Centralised vs decentralised exchanges — tradeoffs explained.

TL;DR

CEX = centralised exchange (Coinbase, Binance). DEX = decentralised exchange (Uniswap, Curve). CEXs are easier and have deeper liquidity. DEXs let you trade without a custodian and access tokens not listed elsewhere.

CEX trade-offs

Optimised for the average user and large flows.

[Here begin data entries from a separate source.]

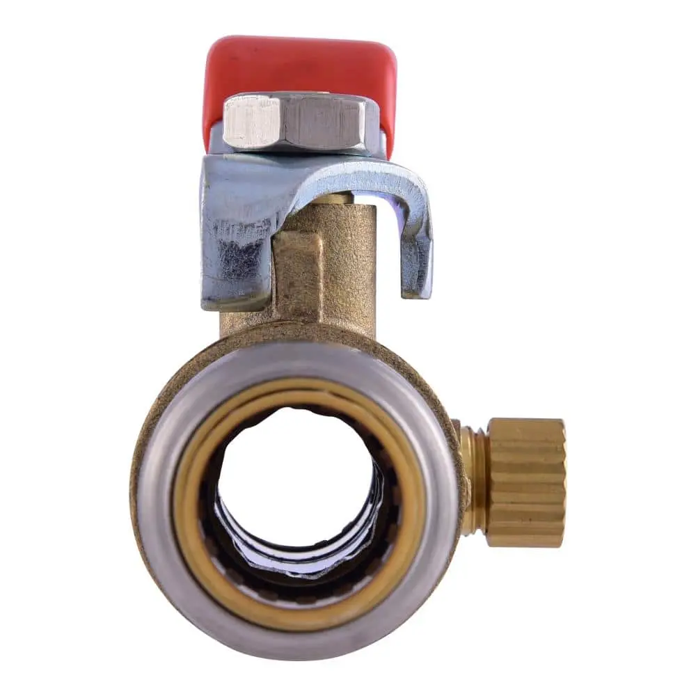 SharkBite Max push-to-connect ball valves offer the quickest and easiest installation for new or replacement water shut-off valves. The redesigned stainless steel collet retainer enhances strength and durability, offering a 250 psi pressure rating. These fittings and valves eliminate the need for a PEX tube liner, and their re-engineered body allows for easy pipe insertion with less force. The quarter-turn handle provides fast water flow control, even in tight spaces. No soldering, clamps, unions, glue, or special tools are required. After the pipe is inserted, stainless steel teeth securely grip the pipe while an O-ring creates a watertight seal. The valve is rotatable after installation for adjustments, and can be quickly removed using a disconnect tool for easy changes or reuse.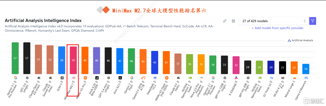 其M2.7模型的智能指数达49.6,与OpenAI、Anthropic等全球龙头的差距不足5个点,技术实力具备全球竞争力;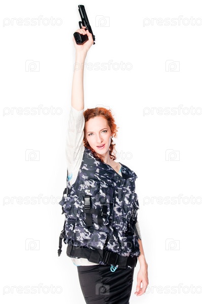 Молодая и красивая женщина с пистолетом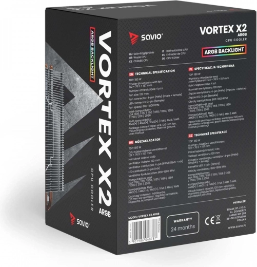 De CPU-koeler Savio Vortex X2 ARGB is een ideale keuze voor wie op zoek is naar een efficiënte en stijlvolle koeloplossing voor de pc. Met vier koperen heatpipes van 6 mm en een 120 mm ventilator koelt hij processors met een TDP tot 180 W.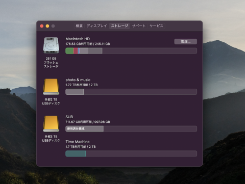 多くの場合、これまで使っていたiMacには256GBを超えるストレージが内蔵されていると思いますので 移行アシスタントを起動する前に、写真や音楽などのファイルを外付けHDDやクラウドに移行させておくことが大事だと思います。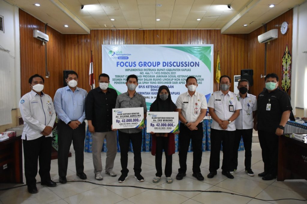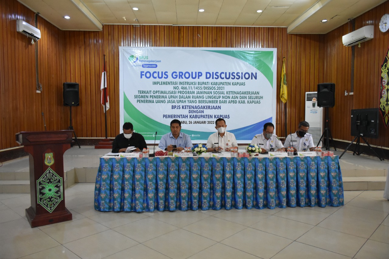 Kuala Kapuas, infokalteng.co.id – Pemerintah Kabupaten Kapuas bersama dengan Badan Penyelenggara Jaminan Sosial (BPJS) Ketenagakerjaan melaksanakan Focus Group Discussion (FGD) perihal implementasi Instruksi Bupati Kapuas No.466.11/1455/DISSOS.2021 terkait optimalisasi Program Jaminan Sosial Ketenagakerjaan segmen Penerima Upah dalam ruang lingkup Non Aparatur Sipil Negara (ASN) dan seluruh penerima uang jasa/upah yang bersumber dari APBD Kabupaten Kapuas, bertempat di Aula Bappeda Kapuas, Rabu (26/1).

  • Easy onboarding — fiat deposits, simple UI
  • Deep liquidity on major pairs
  • Custodial — they hold your keys, you trust them
  • Regulated jurisdictions — KYC, withdrawal limits
  • Counterparty risk — FTX, Mt. Gox, Celsius all illustrate this

DEX trade-offs

Optimised for self-custody and access.

  • You keep your keys — your funds, your responsibility
  • Permissionless — anyone can trade, anyone can list
  • Access to long-tail tokens unavailable on CEXs
  • Gas fees per swap
  • Slippage on illiquid pools
  • Smart contract risk

AMMs

Most DEXs use Automated Market Makers. A pool of TokenA and TokenB has its price set by the ratio. Trading shifts the ratio, moving price. Deep pools = low slippage; thin pools = brutal slippage.

Worked example

USDC → ETH on Uniswap vs Coinbase

$1,000 USDC, want ETH.

  1. 1CoinbaseSign in, swap at displayed price + 0.4% fee. ETH lands in Coinbase wallet.
  2. 2UniswapConnect wallet → swap at AMM price + 0.3% pool fee + ~$5 gas. ETH lands in your wallet.
  3. 3Slippage at $1KNegligible on either — USDC/ETH is one of the deepest pools
  4. 4Slippage at $1MCoinbase has plenty of depth. Uniswap needs split across pools or DEX aggregator.
Takeaway

For small trades on major pairs, fees are comparable. CEX wins on convenience. DEX wins on access and self-custody.

Common mistakes

What to avoid

  • !Leaving large balances on CEXs long-term — 'not your keys, not your coins'
  • !Approving unlimited token spend — revoke at revoke.cash periodically
  • !Trading without checking pool liquidity
  • !Trusting random tokens just because they're listed on a DEX
Self-check

Test yourself

Q1Key risk of holding crypto on a CEX?+

Counterparty risk — the exchange holds keys and can go bankrupt, get hacked, or freeze withdrawals.

Q2How does an AMM determine prices?+

By the ratio of the two tokens in the pool — trading shifts the ratio along a deterministic curve.